A cross sectional study was conducted on 2008 in Fort Wayna, Indiana. This study was conducted to determine the prevalence of elevated blood lead levels(BLLs) among children of Burmese Refugees and potential sources of lead exposure. A case was defined as an elevated venous BLL (≥10µg/dl), prevalence was compared with all Indiana children screened. Environmental and product samples were tested for lead. The results show 14 of 197 (7.1%) children had elevated BLLs (prevalence ratio 10.7), that ranged from 10.2-29.0µg/dl. Laboratory testing identified a traditional ethnic digestive remedy, Daw Tway, containing a median 520 ppm lead.13

A study conducted on Lead Poisoning: More than a Medical problem. Medical records of 236 Newark, New Jersey children hospitalized and chelated for lead poisoning in 1977 through 1980 were reviewed to determine the progress had been made in eradicating the disease since 1972. Results show that the number of treated asymptomatic children, ages 1-6 began to rise after 1976 and was higher in 1980 than in 1972 when the Newark Lead Poisoning Prevention and Control Program first began. The increase in numbers and rates indicates that childhood lead poisoning still exists as an environmental and social problem.14

A conference conducted by The George Foundation on 8th and 10th February 1999 regarding lead poisoning highlighted the results of a major blood lead survey of Indian Children. The study involved the collection of approximately 22,000 samples from children, pregnant women and workers in the battery and paint industries. The results for children under 12 years based on just PbB (lead in Blood) data indicated that PbB was greater than 10µg/dl for 52.4% of children in India.6

A Cross sectional study on Outbreak of fatal childhood lead poisoning was conducted in villages in Northwestern, Nigeria, in May 2010. The researchers surveyed 119 family compounds. Of 463 children less than 5 years of age, 118(25%) had died in the previous year.

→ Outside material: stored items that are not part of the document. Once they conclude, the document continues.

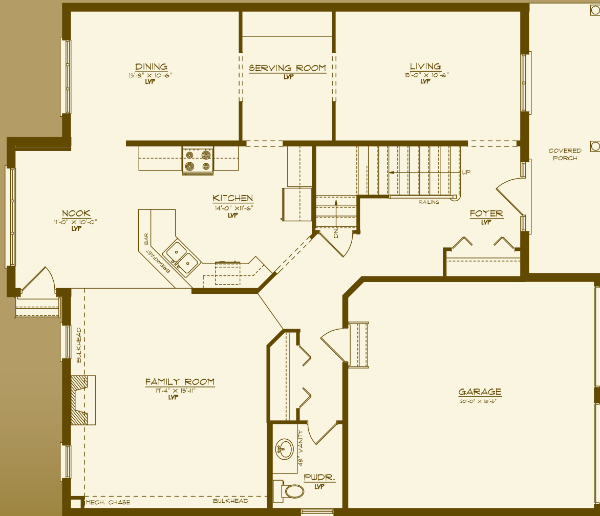
Main Floor 1,369 Sq. Ft.
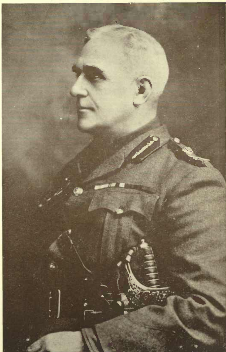
MAJOR-GENERAL SIR SAM HUGHES Canadian Minister of Militia During the Period of the War
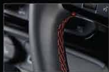
LEATHER WRAPPED STEERING
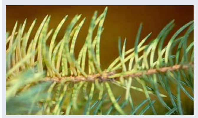
Fig. 4. Chemical damage is the suspect cause of the symptoms in this spruce, causing chlorophyll disruption.

Fig. 3. The abnormal growth of the new needles in this sample is indicative of a symptom seen with chemical damage.
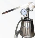
HYDRO PUMP (Fully Made From SS 304 Material)
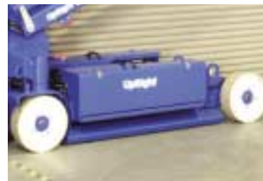
Hydraulic depression mechanism system activates when platform is elevated.
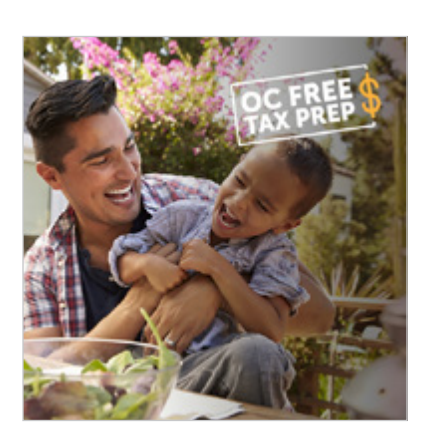
Tax prep that's FREE, EASY & SAFE. File your taxes for FREE online at MyFreeTaxes.com
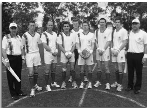
The WRFL Umpiring Team on Grand Final Day 2010

Getting a grand final can be the pinnacle of a career or it can even be a stepping stone to bigger

6 They tested 59 %( 204/345) of children less than 5 years of age, among that 97% (198/204) of children had blood lead levels(BLLs) ≥45µg/dl. 15

A 32 item questionnaire was developed by Philadelphia Department of Public Health to assess knowledge and perceptions of family care givers of children younger than age 8. 80 family caregivers were interviewed. About 61% of the sample identified eating paint chips as a cause of lead poisoning, whereas only 15% identified lead paint dust as a source of lead poisoning. Approximately 49% of the caregivers reported that they “never” or only “sometimes” perform recommended prevention activities.16

A 24-question test regarding lead poisoning and its prevention (Chicago Lead Knowledge Test) was developed. It was self-administered by a sample of 2225 parents of 0 to 6 Year old children. A 1-way analysis of variance (ANOVA) was used to determine the association. The mean Chicago Lead Knowledge Test score was 12.2 (SD, 3.7).The researchers came to the conclusion that Parents do not have much knowledge of ways to prevent childhood lead poisoning. Information from a health care provider can aid parental knowledge of demographic descriptors with test scores.17

6.3 STATEMENT OF THE PROBLEM

A study to assess the effectiveness of self instructional module on knowledge regarding prevention of lead poisoning among mothers of children under six years of age in selected rural community area , Bengaluru.

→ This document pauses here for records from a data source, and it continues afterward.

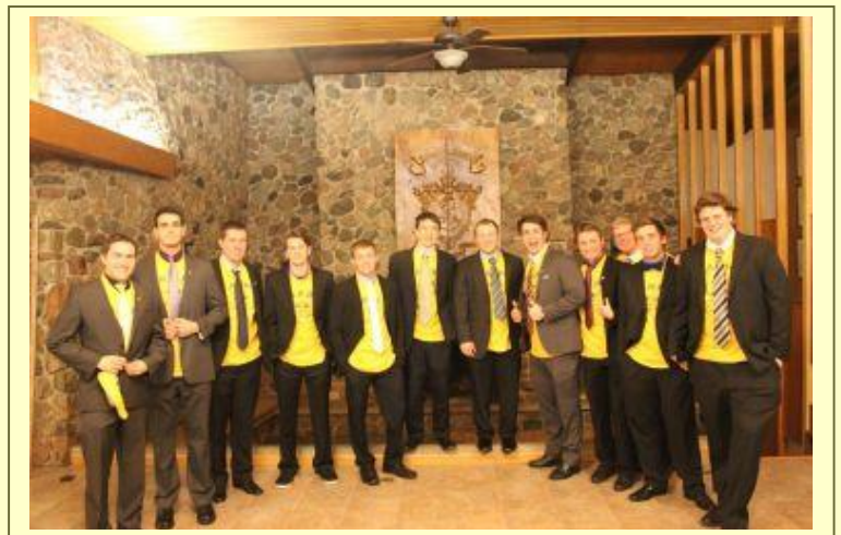
Fall 2013 Academic All-Stars
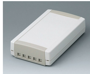
B1075465 TOPTEC 194 F, Vers. II ABS (UL 94 HB) off-white RAL 9002 194x115x46mm IP 40
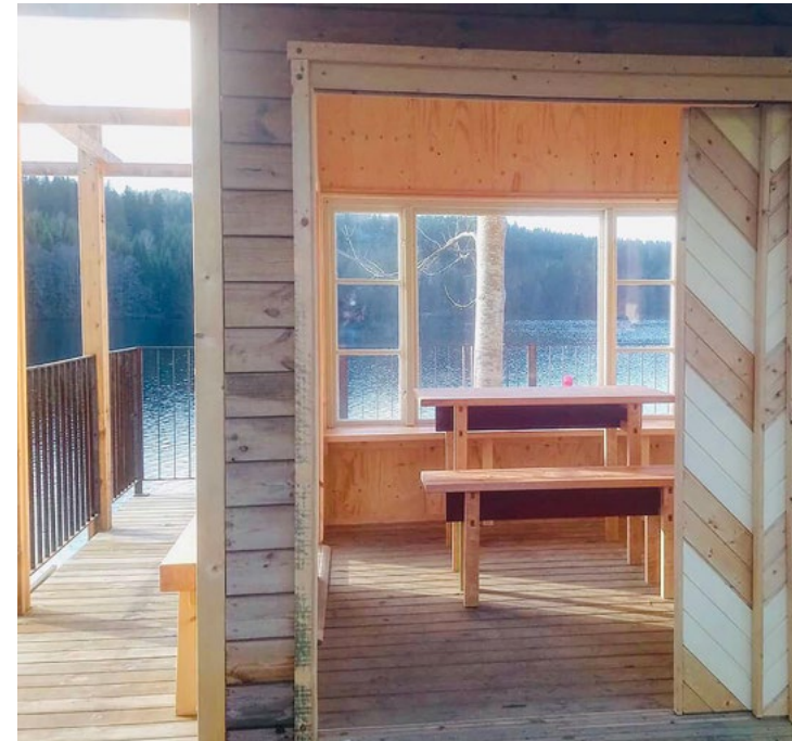
The south window of the kitchen, looking toward the lake

6.4 OBJECTIVES OF THE STUDY:-

1. To assess the level of knowledge on lead poisoning among mothers of children under six years of age. 2. To develop self instructional module on prevention of lead poisoning in children 3. To assess the effectiveness of self instructional module by analyzing the pre test and post test knowledge score.

7 4. To determine the association between the pre test and post test knowledge score among mothers of Children under six years of age with selected demographic variables

6.5 OPERATIONAL DEFINITIONS:-

Effectiveness: - It refers to the gain in knowledge of mothers of children under six years of age regarding prevention of lead poisoning after providing self instructional module as measured by the instrument and evaluated by the post test knowledge scores.

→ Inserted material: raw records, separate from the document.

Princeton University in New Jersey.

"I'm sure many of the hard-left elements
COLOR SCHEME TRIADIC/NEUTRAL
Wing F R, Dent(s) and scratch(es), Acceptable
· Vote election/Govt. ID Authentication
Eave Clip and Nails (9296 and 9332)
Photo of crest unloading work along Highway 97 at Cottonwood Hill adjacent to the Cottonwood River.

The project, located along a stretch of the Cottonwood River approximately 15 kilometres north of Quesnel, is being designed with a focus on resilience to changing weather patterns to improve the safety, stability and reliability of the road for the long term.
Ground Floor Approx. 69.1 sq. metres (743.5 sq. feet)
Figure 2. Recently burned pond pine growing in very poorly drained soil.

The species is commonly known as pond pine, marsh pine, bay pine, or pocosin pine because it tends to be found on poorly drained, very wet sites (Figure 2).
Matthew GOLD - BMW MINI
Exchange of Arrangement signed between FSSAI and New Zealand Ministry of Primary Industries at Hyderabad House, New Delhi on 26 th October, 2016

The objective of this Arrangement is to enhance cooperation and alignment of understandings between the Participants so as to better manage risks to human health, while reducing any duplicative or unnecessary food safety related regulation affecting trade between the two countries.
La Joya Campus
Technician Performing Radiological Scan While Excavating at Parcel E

Self Instructional Module: - It refers to the self contained instructional material that contain information on lead poisoning and its prevention which can be used by the mothers of children under six years of age for self learning .

Knowledge: - It refers to the level of understanding and awareness of mothers of children under six years of age regarding prevention of lead poisoning as measured by knowledge questionnaire.

Prevention: - It refers to the measures taken by the mothers of children under six years of age in avoiding the occurrence or minimizing the risk of lead poisoning.

Lead poisoning: - It is the presence of excessive level of lead in the body caused by ingestion, inhalation, or absorption of lead which will be harmful to the body.

Mothers : - Women aged between 20-45 years of age who have children under six years of age.

6.6 HYPOTHESIS :-

H1:- There will be significant increase in the knowledge scores of mothers of children under six years of age regarding prevention of lead poisoning after administering self instructional module

H2:- There will be significant association between the pretest and post test knowledge levels of mothers of children under six years of age with selected demographic variables.

8 6.7 ASSUMPTIONS:-

1) Mothers of children under six years of age may have inadequate knowledge regarding prevention of lead poisoning. 2) Self instructional module may have effectiveness in improving knowledge regarding Prevention of lead poisoning among mothers of children under six years of age.

6.8 DELIMITATION:-

The study is limited to the mothers aged between 20-45 years of age, who have children under six years of age in selected rural community area , Bengaluru.

6.9 VARIABLES:-

Dependent variable in the study is knowledge of mothers of children under six years of age regarding prevention of lead poisoning.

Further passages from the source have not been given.